- Exercise
All that should come back is the lines of the data below from the one containing "Interactieve doktersspeelset op" to the one containing "12月15日,海南区拉僧仲新", inclusive, exactly as they stand.

[[ Data to process, beginning ]]

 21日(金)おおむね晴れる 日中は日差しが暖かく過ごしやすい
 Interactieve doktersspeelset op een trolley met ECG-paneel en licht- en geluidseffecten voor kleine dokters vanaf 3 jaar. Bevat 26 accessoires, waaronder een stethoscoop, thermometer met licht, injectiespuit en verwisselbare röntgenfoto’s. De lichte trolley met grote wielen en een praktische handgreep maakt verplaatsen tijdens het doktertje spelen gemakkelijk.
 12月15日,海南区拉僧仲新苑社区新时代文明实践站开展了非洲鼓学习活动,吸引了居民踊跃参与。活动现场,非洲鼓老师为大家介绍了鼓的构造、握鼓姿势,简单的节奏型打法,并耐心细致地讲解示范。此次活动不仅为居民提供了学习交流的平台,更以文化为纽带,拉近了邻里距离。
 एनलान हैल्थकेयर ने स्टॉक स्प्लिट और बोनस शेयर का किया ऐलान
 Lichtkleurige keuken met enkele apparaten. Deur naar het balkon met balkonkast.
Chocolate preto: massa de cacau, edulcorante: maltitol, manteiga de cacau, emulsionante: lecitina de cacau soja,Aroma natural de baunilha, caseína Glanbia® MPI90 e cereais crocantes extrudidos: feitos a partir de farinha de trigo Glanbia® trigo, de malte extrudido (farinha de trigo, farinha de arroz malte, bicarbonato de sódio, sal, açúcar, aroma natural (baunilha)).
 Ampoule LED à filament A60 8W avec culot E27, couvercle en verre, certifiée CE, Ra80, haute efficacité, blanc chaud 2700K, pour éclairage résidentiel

[[ Data to process, end ]]
[[ Data to process, beginning ]]

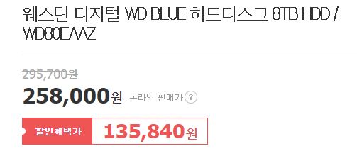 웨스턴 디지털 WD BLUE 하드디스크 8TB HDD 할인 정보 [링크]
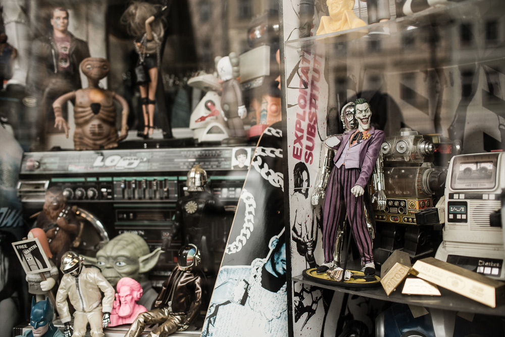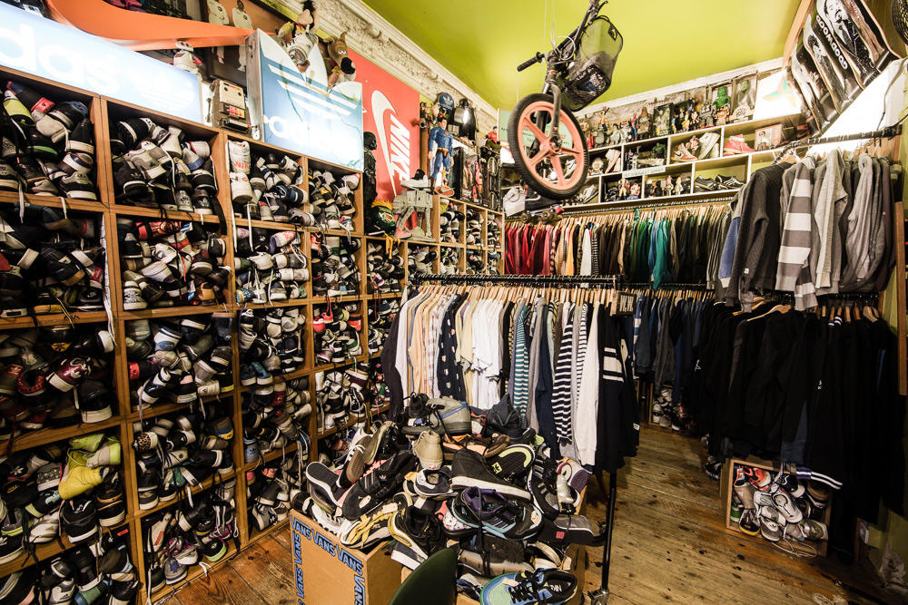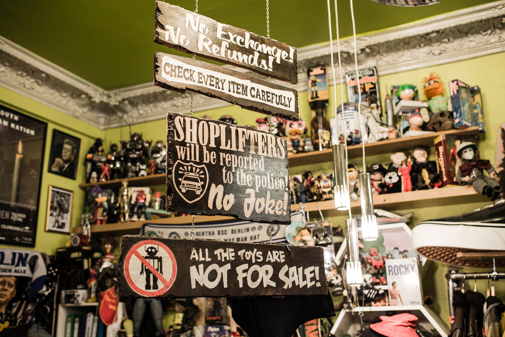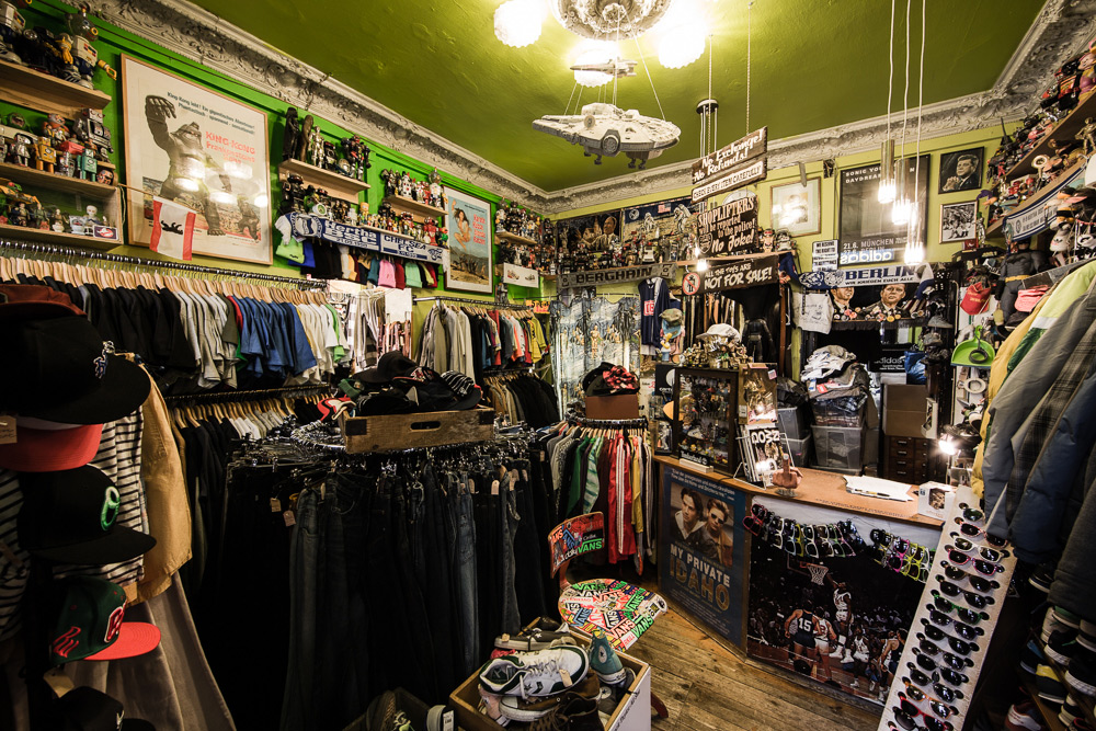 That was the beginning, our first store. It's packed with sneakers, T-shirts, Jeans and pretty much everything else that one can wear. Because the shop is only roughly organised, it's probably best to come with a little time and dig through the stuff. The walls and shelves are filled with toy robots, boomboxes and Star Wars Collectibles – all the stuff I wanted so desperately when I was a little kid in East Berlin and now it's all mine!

[[ Data to process, end ]]
[[ Data to process, beginning ]]

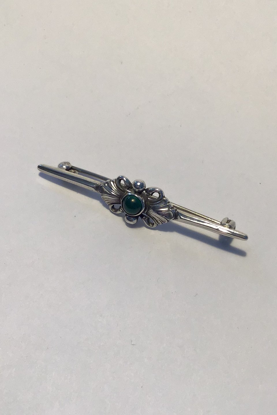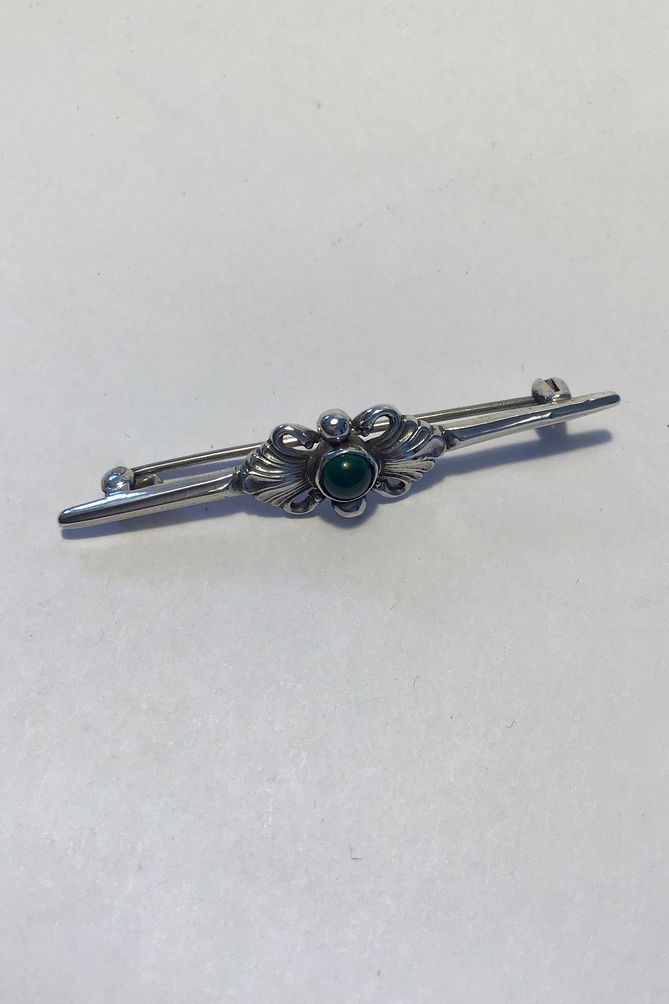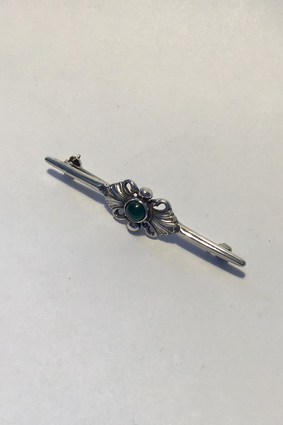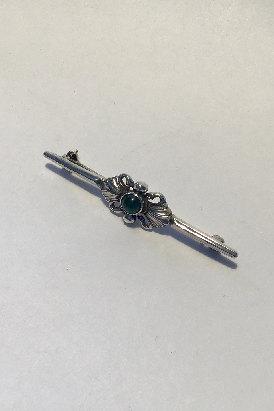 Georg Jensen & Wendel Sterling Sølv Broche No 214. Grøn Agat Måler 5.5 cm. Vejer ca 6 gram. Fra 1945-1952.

[[ Data to process, end ]]

- Reply
 Interactieve doktersspeelset op een trolley met ECG-paneel en licht- en geluidseffecten voor kleine dokters vanaf 3 jaar. Bevat 26 accessoires, waaronder een stethoscoop, thermometer met licht, injectiespuit en verwisselbare röntgenfoto’s. De lichte trolley met grote wielen en een praktische handgreep maakt verplaatsen tijdens het doktertje spelen gemakkelijk.
 12月15日,海南区拉僧仲新苑社区新时代文明实践站开展了非洲鼓学习活动,吸引了居民踊跃参与。活动现场,非洲鼓老师为大家介绍了鼓的构造、握鼓姿势,简单的节奏型打法,并耐心细致地讲解示范。此次活动不仅为居民提供了学习交流的平台,更以文化为纽带,拉近了邻里距离。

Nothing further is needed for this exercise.